Re: [PATCH net-next v6 07/23] zinc: ChaCha20 ARM and ARM64 implementations
From: Ard Biesheuvel <hidden>
Date: 2018-09-26 14:02:40
Also in:
linux-arm-kernel, lkml, netdev
(+ Herbert, Thomas) On Wed, 26 Sep 2018 at 15:33, Jason A. Donenfeld [off-list ref] wrote:
Hi Ard, On Wed, Sep 26, 2018 at 10:59 AM Ard Biesheuvel [off-list ref] wrote:quoted
quoted
+static inline bool chacha20_arch(struct chacha20_ctx *state, u8 *dst, + const u8 *src, size_t len, + simd_context_t *simd_context) +{ +#if defined(CONFIG_KERNEL_MODE_NEON) + if (chacha20_use_neon && len >= CHACHA20_BLOCK_SIZE * 3 && + simd_use(simd_context)) + chacha20_neon(dst, src, len, state->key, state->counter); + else +#endifBetter to use IS_ENABLED() here:quoted
+ if (IS_ENABLED(CONFIG_KERNEL_MODE_NEON)) && + chacha20_use_neon && len >= CHACHA20_BLOCK_SIZE * 3 && + simd_use(simd_context))Good idea. I'll fix that up.quoted
Also, this still has unbounded worst case scheduling latency, given that the outer library function passes its entire input straight into the NEON routine.The vast majority of crypto routines in arch/*/crypto/ follow this same exact pattern, actually. I realize a few don't -- probably the ones you had a hand in :) -- but I think this is up to the caller to handle.
Anything that uses the scatterwalk API (AEADs and skciphers) will handle at most a page at a time. Hashes are different, which is why some of them have to handle it explicitly.
I made a change so that in chacha20poly1305.c, it calls simd_relax after handling each scatter-gather element, so a "construction" will handle this gracefully. But I believe it's up to the caller to decide on what sizes of information it wants to pass to primitives. Put differently, this also hasn't ever been an issue before -- the existing state of the tree indicates this -- and so I don't anticipate this will be a real issue now.
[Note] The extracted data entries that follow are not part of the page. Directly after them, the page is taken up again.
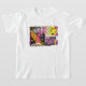 Good quality t-shirt, I didn't expect too much but it's good quality, matched the invites for my sons party and he absolutely loved opening this on his big day. Went straight to school with it, too! Print looks very good, vibrant colours, washing very well, too. I don't tumble dry tshirts so can't comment on that. Lovely idea for a birthday child!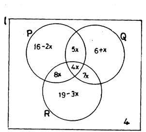 In part (a), majority of the candidates were reported to have added the elements in the universal set,(U), and equated it to 125 to obtain .Solving this equation gave.Number of elements in 1, n1), . Some candidates were reported not to add 4 which was outside the three intersecting sets and this give them a wrong value of . Others were also reported not to have understood R1, the compliment of R.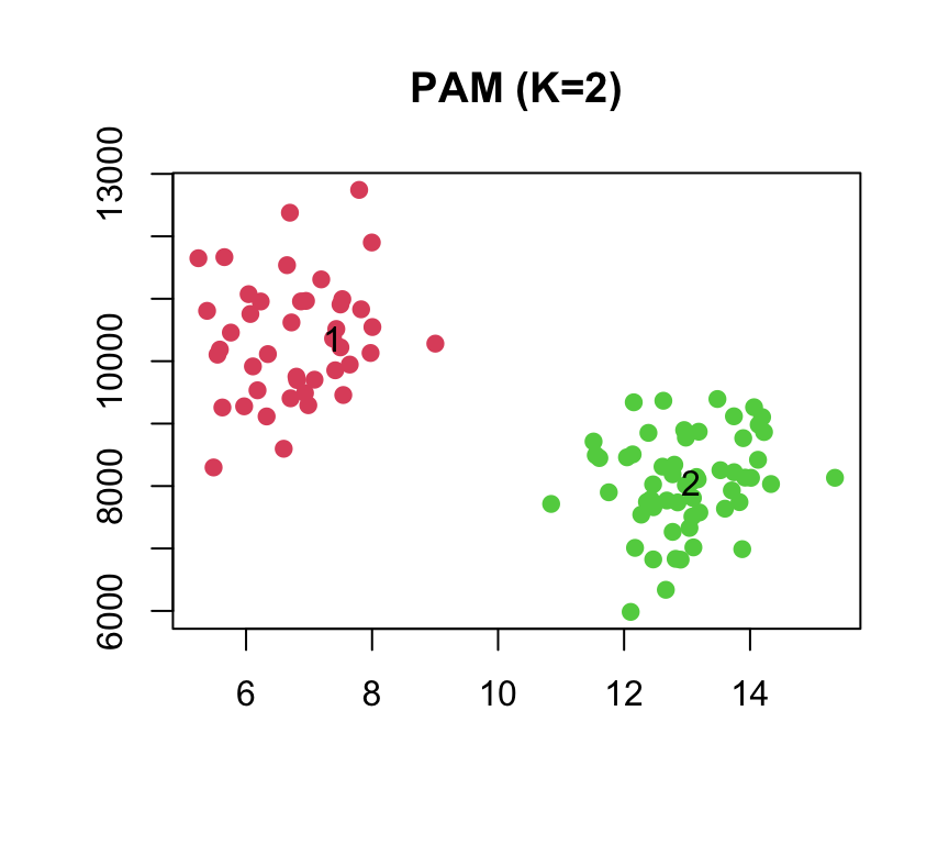 Un altro metodo per ottenere cluster basati sulla densità è disponibile con la funzione pdfCluster. Esso è basato su una stima non parametrica della funzione di densità immaginando che la distribuzione abbia più regioni a alta densità che sono identificabili come mode. È quindi basato sulla ricerca di mode nella distribuzione dei dati (che si immagina siano quantitativi).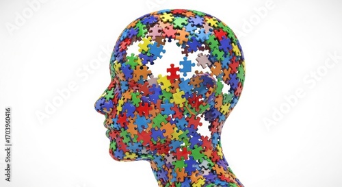 Human Head Silhouette Composed Entirely of Colorful Puzzle Pieces

The state of the tree does not capture all relevant context or history. The scheduling latency issue was brought up very recently by the -rt folks on the mailing lists.
And if it becomes one, this is something we can address *later*, but certainly there's no use of adding additional complexity to the initial patchset to do this now.
You are introducing a very useful SIMD abstraction, but it lets code run with preemption disabled for unbounded amounts of time, and so now is the time to ensure we get it right. Part of the [justified] criticism on the current state of the crypto API is on its complexity, and so I don't think it makes sense to keep it simple now and add the complexity later (and the same concern applies to async support btw).